Outro tema importante da sua pesquisa e crítica é rotulagem de alimentos, que você diz não ser confiável. Por quê?

Fui a um mercado e comprei caixas de cereais, no caso, sucrilhos. Uma tinha aviso de alerta, a outra não. Enquanto uma falava que havia aditivos artificiais, a outra não tinha essa informação. No Brasil a rotulagem é mais eficiente. Mas pode ser melhor. O rótulo de alerta é muito pequeno e muito polido.

Você conheceu supermercados no Brasil?

Sim. Os grandes supermercados são como nos EUA. Aqui ainda existem mercados menores. Os grandes têm mais comida ultraprocessada. É como nos Estados Unidos. Os grandes mercados são lindos (risos). Eu fui para alguns em São Paulo e eram lindas lojas.
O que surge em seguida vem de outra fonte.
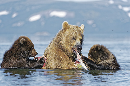 Валерий Малеев. Семейная сцена из жизни камчатских бурых медведей: завтрак на воде.
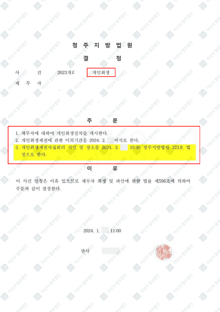 [🎖️개인회생] 회생절차 개시결정

Mas sempre fico focada em cereais, pois meu próximo livro será sobre eles, ainda que esse produto não seja tão importante no Brasil.

E por que este será o tema de seu próximo livro?

É um livro sobre a política alimentar dos Estados Unidos, no qual uso as caixas de cereais como ilustrações. Porque as caixas mudam o tempo todo, em respostas às leis, às mudanças culturais e de marketing. Também refletem a tentativa da indústria de tornar os cereais almoços normais, atrativos para adultos interessados em saúde. Ao mesmo tempo, querem continuar sendo vendidos para crianças que gostam de açúcar.

A pesquisa brasileira sobre ultraprocessados e sua correlação crescente com algumas doenças, sob liderança de Carlos Monteiro, tem tido repercussão no seu país?

Carlos Monteiro trabalha Geoffrey Cannon, que participou de livros meus anteriores, um antigo amigo. Sua iniciativa é uma grande ideia e seus artigos, que agora chegaram aos EUA por meio da Revista Lancet, têm uma grande importância.